In this tutorial, we provide a step-by-step example of running a machine reading system on a set of sample documents and then running INDRA assembly on the outputs of the system.

In what follows, we assume that our working base folder is /data, that this folder already exists, and all work is done under this path. This is arbitrary and can be replaced by another appropriate local path.

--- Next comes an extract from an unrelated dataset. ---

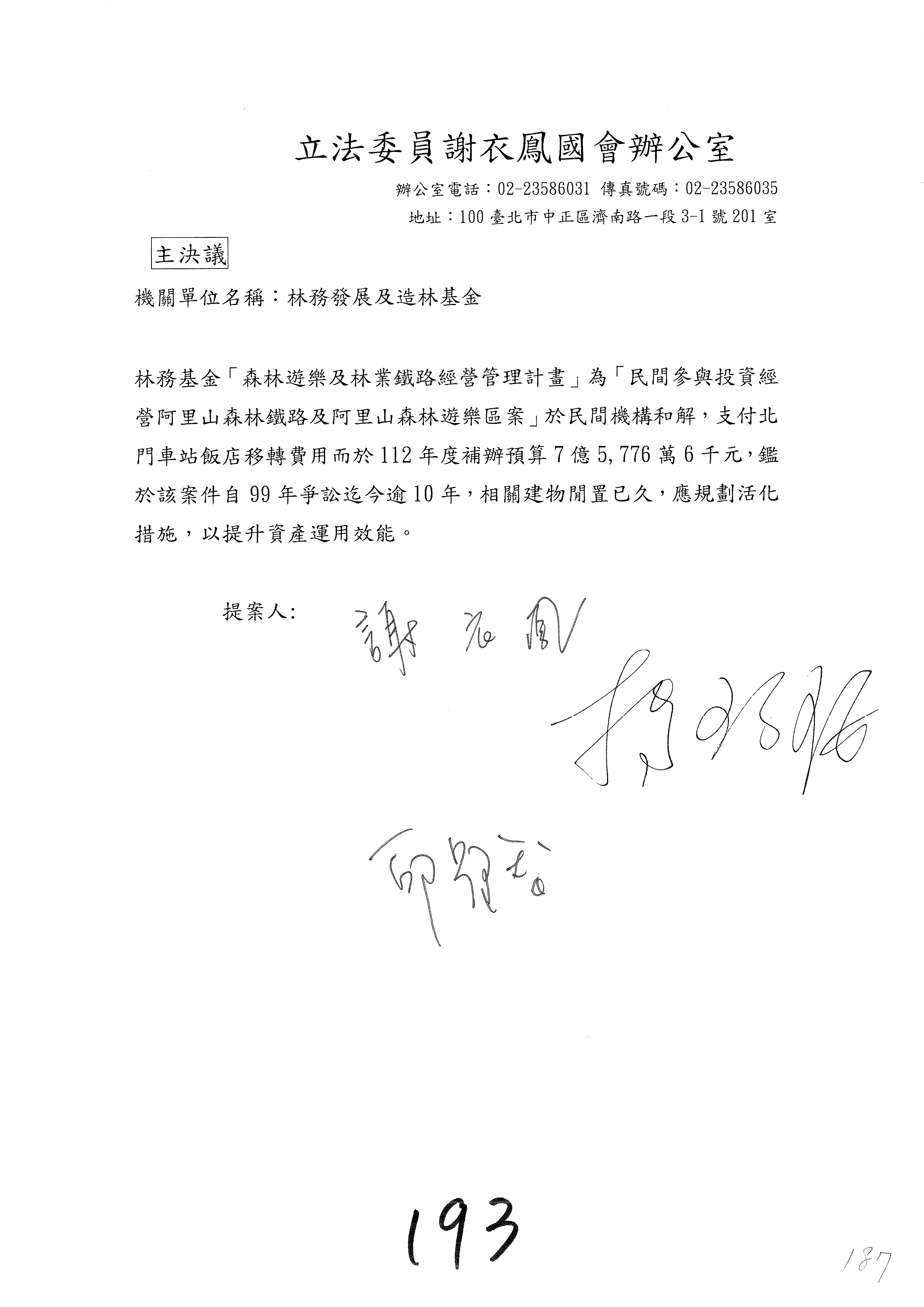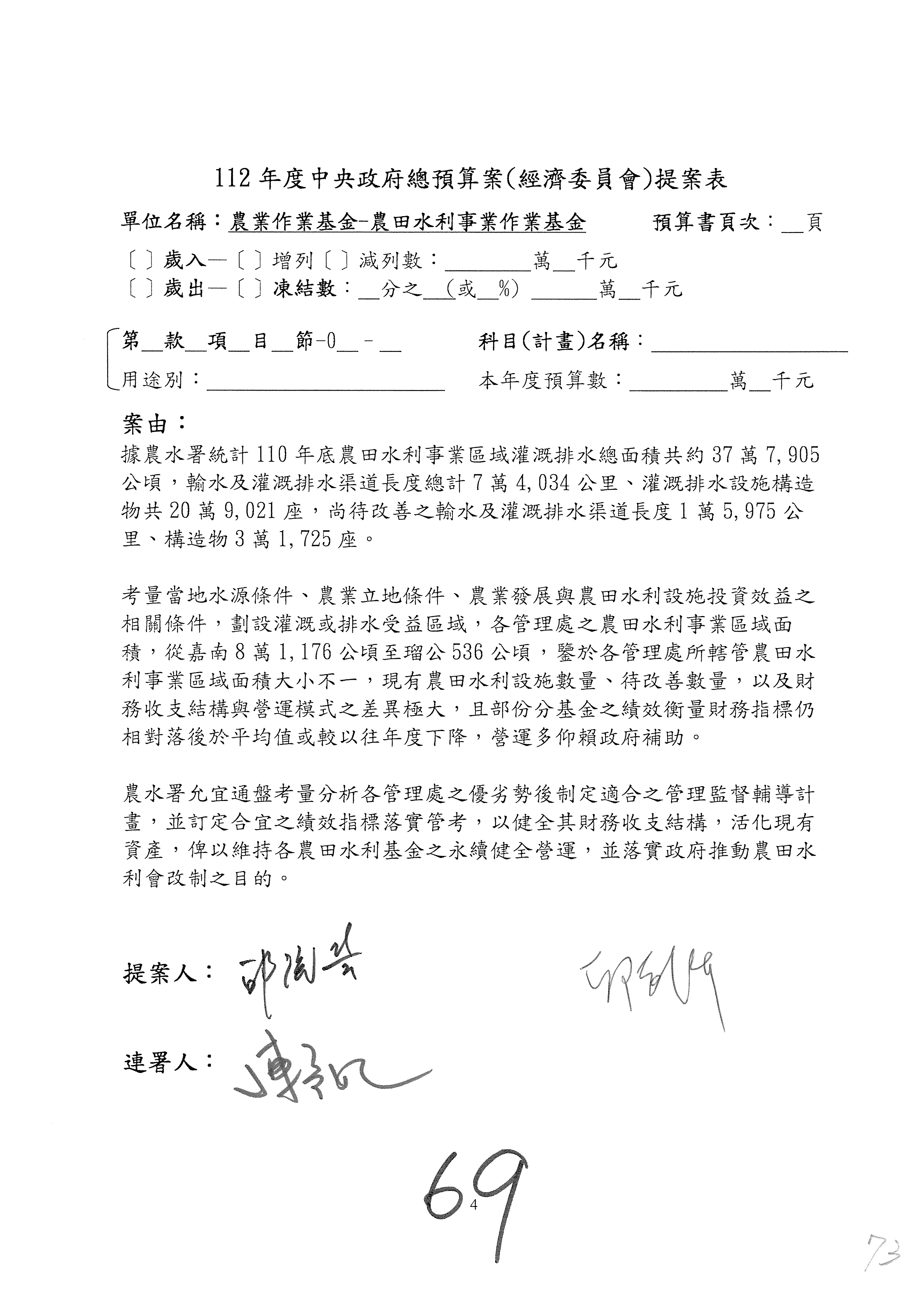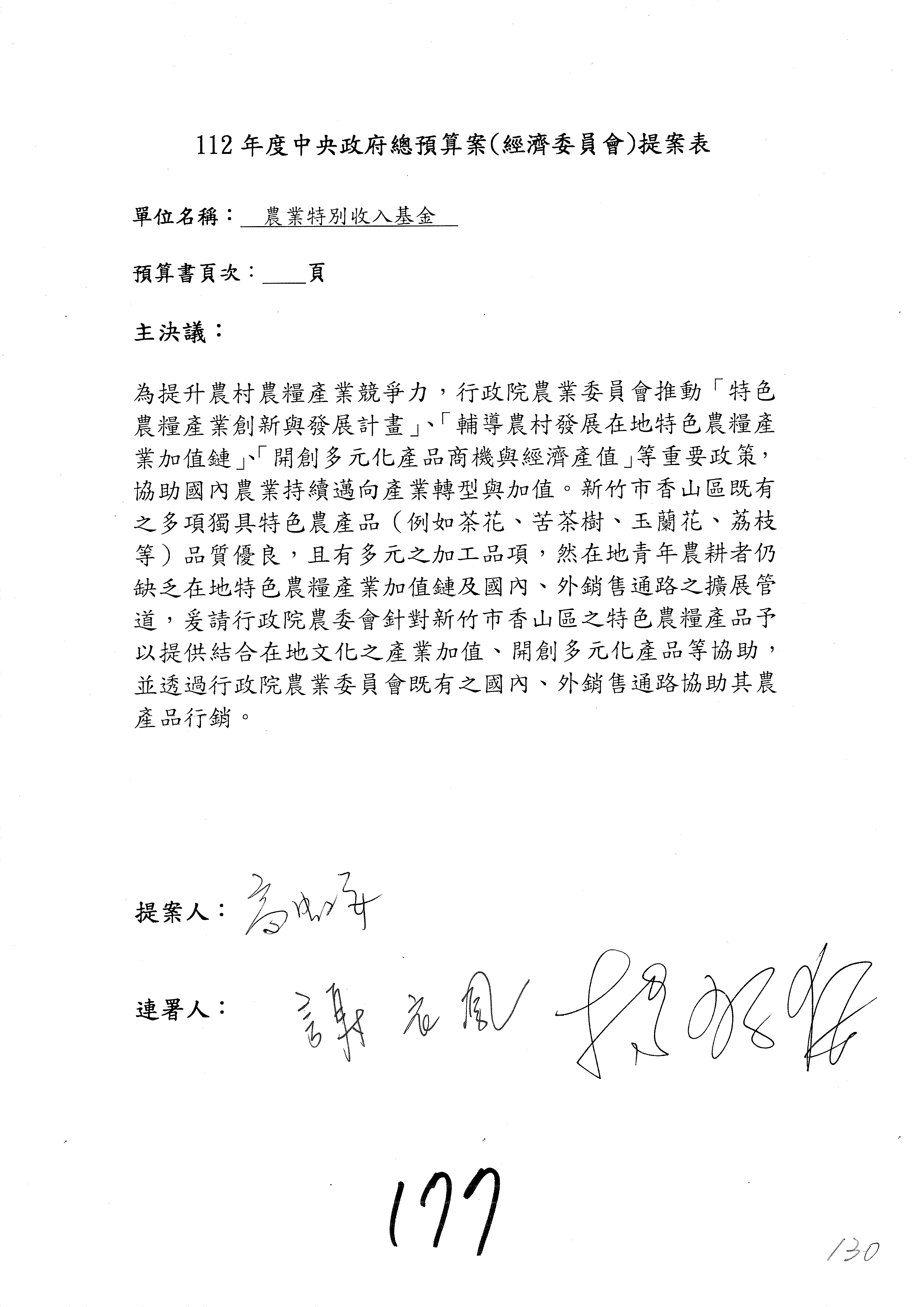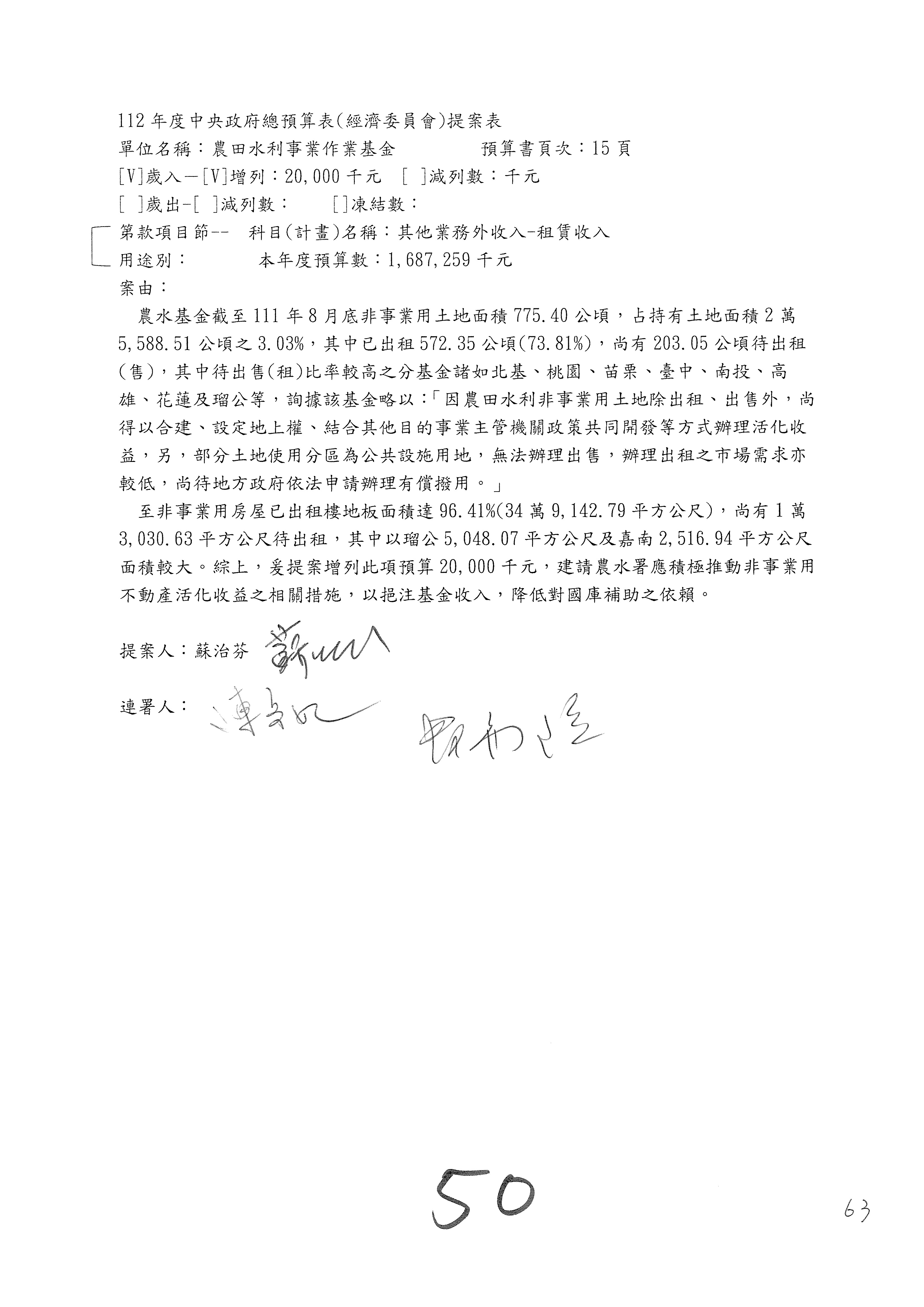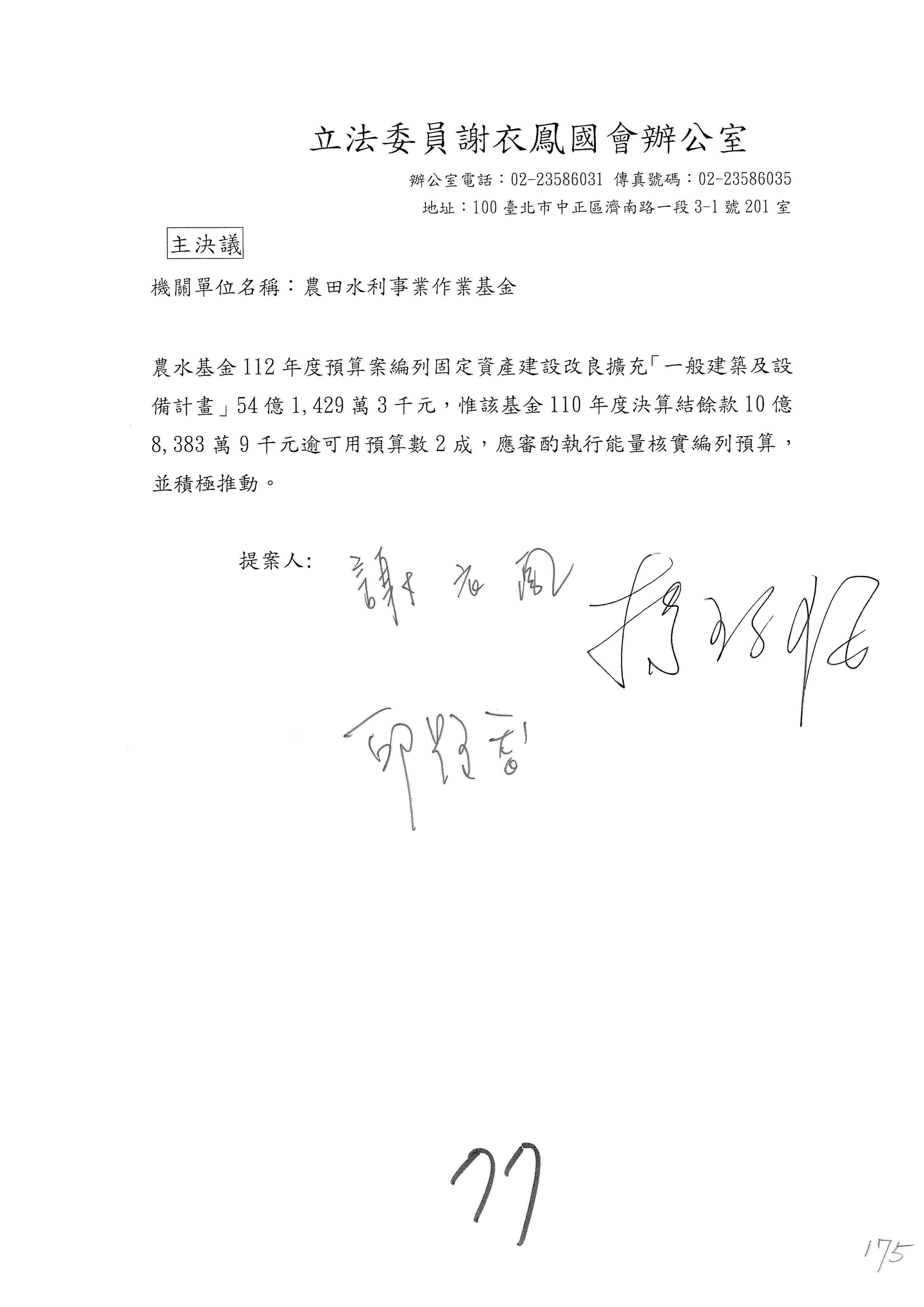 第153案到第168案,農村再生基金凍結2,000萬元,提出書面報告後始得動支。

This tutorial assumes that Eidos and INDRA World are installed according to their respective instructions.

1. Download input documents

First, we need to prepare a set of input documents to run reading on. Depending on the reading system(s) used, these can be plain text files or CDR files containing both the plain text of the document and some metadata. In this example, we will use a set of 423 documents represented as CDRs, available publicly on Github.

cd /data
git clone https://github.com/twosixlabs-dart/world-modelers-demo-docs.git

The documents will now be in the /data/world-modelers-demo-docs/cdrs folder.

2. Configure the ontology

For simplicity, we assume that the latest version of the default World Modelers ontology is used for reading and assembly, which is available here. Normally, if using this ontology, no extra steps are needed, however, here we make its use explicit to better illustrate how a custom ontology could be used.

We will put the ontology in /data/ontology.yml, the following command doing the download:

wget https://raw.githubusercontent.com/WorldModelers/Ontologies/master/CompositionalOntology_metadata.yml -O /data/ontology.yml

3. Run reading on documents

Next, we run Eidos on the input documents. For detailed instructions on setting up Eidos, see here. Assume that the Eidos repository is in /data/eidos. We will put the Eidos output in the /data/eidos/output folder. To point Eidos to the ontology we downloaded in the last step, we need to edit /data/eidos/src/main/resources/eidos.conf, and change the line

wm_compositional = ${ontologies.path}/CompositionalOntology_metadata.yml

to

wm_compositional = /data/ontology.yml

We can now go to the Eidos repository folder and run Eidos. The last parameter in the call to Eidos below is the thread count which we set to 4 to allow Eidos to use 4 threads in parallel.

cd /data/eidos
mkdir -p output
sbt "runMain org.clulab.wm.eidos.apps.batch.ExtractCdrMetaFromDirectory /data/world-modelers-demo-docs/cdrs /data/eidos/output /data/eidos/times 4"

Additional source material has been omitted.